Mount Misery has now been re-christened Pride Rock after being painted the bright vibrant colours of the movement’s rainbow flag.
It comes after a difficult few weeks for the LGBTQ+ community in Waterford following several recent acts of “homophobic hate.”
Pride flags were initially flown in the city to celebrate “Pride of the Déise” - a celebration of the LGBTQ+ community in the county.
However the flags, which were located outside the Menapia Building, on The Mall, had to be twice replaced after being cut down and burned.
Last week, disturbing images also surfaced on social media showing that so-called “straight pride” posters had been put up throughout the city.
The poster depicted a man and woman in wedding outfits alongside the caption: “It’s natural, it’s worked for thousands of year. And you can make babies.”
— Laura Miskella (@lauraannecleary) June 19, 2021
LGBTQ+ campaigner Debbie O'Rourke was among those to condemn the actions of those behind the posters.
"My first reaction was just shock, like, 'what is this?' And then it was like where are they?” she told extra.ie.
"They were all along the Quay. The picture was of a poster on a phone box, but they were all along the Quay on poles.

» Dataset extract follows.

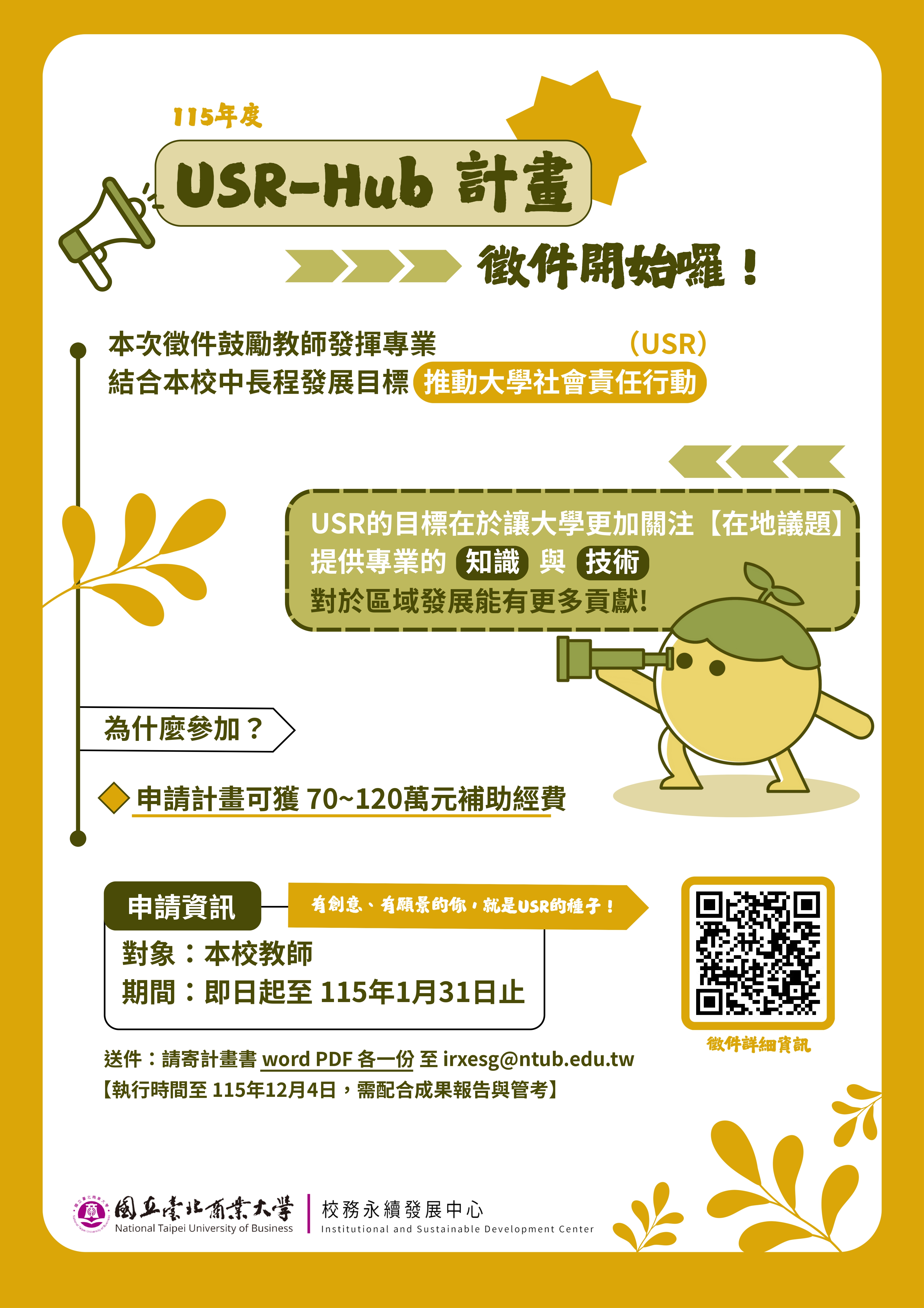 為配合教育部推動大學社會責任實踐(USR)政策, 並以申請教育部 萌芽型 USR 計畫 為目標, 辦理本校 115 年度「USR-Hub 種子計畫」徵件, 鼓勵教師發展具校務治理與社會影響力之行動方案。

They were all around the town.”
"They were A4 sized posters, printed quality, all over the inner city. People are getting in touch to say they’ve seen them, but we think we have most of them down now.
"Straight pride is just not a thing. The language included in the poster, it’s not new, it’s nothing we haven’t heard before, they’re common things that are used against the LGBT community," Debbie added.
"It’s similar to the messaging we saw and was used against us in the marriage equality campaign — that focus on family and on babies.
"There’s just a preoccupation with the sex that queer people have, it always comes up. We don’t have the same fascination with straight people’s sex lives."
The posters were reported to gardaí, and those that appeared have now been taken down, but Debbie says she fears there'll be more.
"There are people in Ireland who hold those beliefs and are willing to act on them and that’s what’s scary," she explained.
"We have to be wary, but it’s about not letting that fear win. That’s really important. For young people, they have much more fear than adults around coming out and things like that."